Spectral functions require importing FFTW package to enable them.

Window functions

NNlib.hann_windowFunction
hann_window(
    window_length::Int, ::Type{T} = Float32; periodic::Bool = true,
) where T <: Real

Hann window function (ref: Window function § Hann and Hamming windows - Wikipedia).

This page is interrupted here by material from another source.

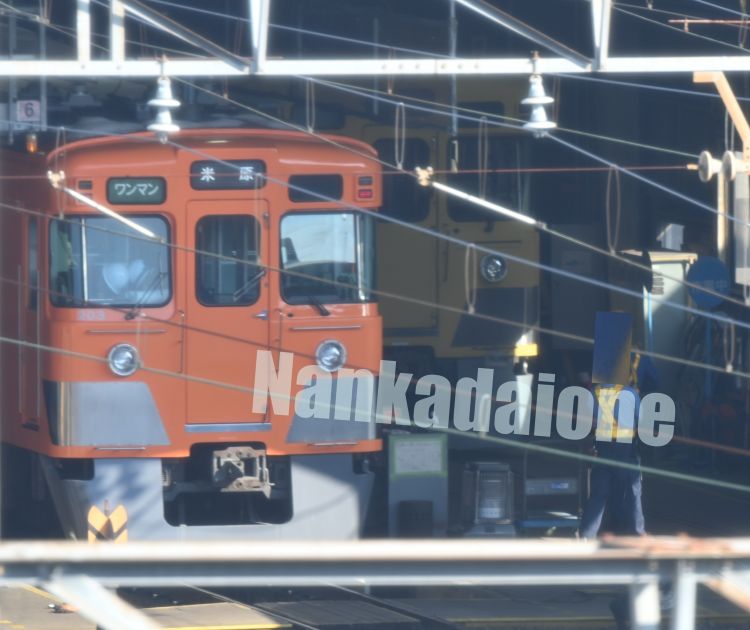 本日2026年2月4日これまでにおいて彦根の車両基地において昨年秋に甲種輸送でやってきてこれまでにオレンジ色の塗装を纏い助手席窓したに車番を刻まれた近江鉄道の元西武旧2000系2417F改め203Fですが本日2026年2月4日これまでに米原幕を掲出している様子を確認しました

$w[n] = \frac{1}{2}[1 - \cos(\frac{2 \pi n}{N - 1})]$

Where $N$ is the window length.

julia> lineplot(hann_window(100); width=30, height=10)
     ┌──────────────────────────────┐
   1 │⠀⠀⠀⠀⠀⠀⠀⠀⠀⠀⠀⠀⣠⠚⠉⠉⠉⠢⡀⠀⠀⠀⠀⠀⠀⠀⠀⠀⠀⠀│
     │⠀⠀⠀⠀⠀⠀⠀⠀⠀⠀⠀⡔⠁⠀⠀⠀⠀⠀⠘⢄⠀⠀⠀⠀⠀⠀⠀⠀⠀⠀│
     │⠀⠀⠀⠀⠀⠀⠀⠀⠀⢀⠞⠀⠀⠀⠀⠀⠀⠀⠀⠈⢆⠀⠀⠀⠀⠀⠀⠀⠀⠀│
     │⠀⠀⠀⠀⠀⠀⠀⠀⢀⡎⠀⠀⠀⠀⠀⠀⠀⠀⠀⠀⠈⢣⠀⠀⠀⠀⠀⠀⠀⠀│
     │⠀⠀⠀⠀⠀⠀⠀⠀⡎⠀⠀⠀⠀⠀⠀⠀⠀⠀⠀⠀⠀⠈⢦⠀⠀⠀⠀⠀⠀⠀│
     │⠀⠀⠀⠀⠀⠀⢀⠞⠀⠀⠀⠀⠀⠀⠀⠀⠀⠀⠀⠀⠀⠀⠈⢆⠀⠀⠀⠀⠀⠀│
     │⠀⠀⠀⠀⠀⢀⡜⠀⠀⠀⠀⠀⠀⠀⠀⠀⠀⠀⠀⠀⠀⠀⠀⠈⢇⠀⠀⠀⠀⠀│
     │⠀⠀⠀⠀⢀⠎⠀⠀⠀⠀⠀⠀⠀⠀⠀⠀⠀⠀⠀⠀⠀⠀⠀⠀⠈⢦⠀⠀⠀⠀│
     │⠀⠀⠀⢠⠊⠀⠀⠀⠀⠀⠀⠀⠀⠀⠀⠀⠀⠀⠀⠀⠀⠀⠀⠀⠀⠀⠣⡀⠀⠀│
   0 │⣀⣀⠔⠁⠀⠀⠀⠀⠀⠀⠀⠀⠀⠀⠀⠀⠀⠀⠀⠀⠀⠀⠀⠀⠀⠀⠀⠙⢤⣀│
     └──────────────────────────────┘
     ⠀0⠀⠀⠀⠀⠀⠀⠀⠀⠀⠀⠀⠀⠀⠀⠀⠀⠀⠀⠀⠀⠀⠀⠀⠀⠀⠀100⠀

Arguments:

  • window_length::Int: Size of the window.
  • ::Type{T}: Elemet type of the window.

Keyword Arguments:

  • periodic::Bool: If true (default), returns a window to be used as periodic function. If false, return a symmetric window.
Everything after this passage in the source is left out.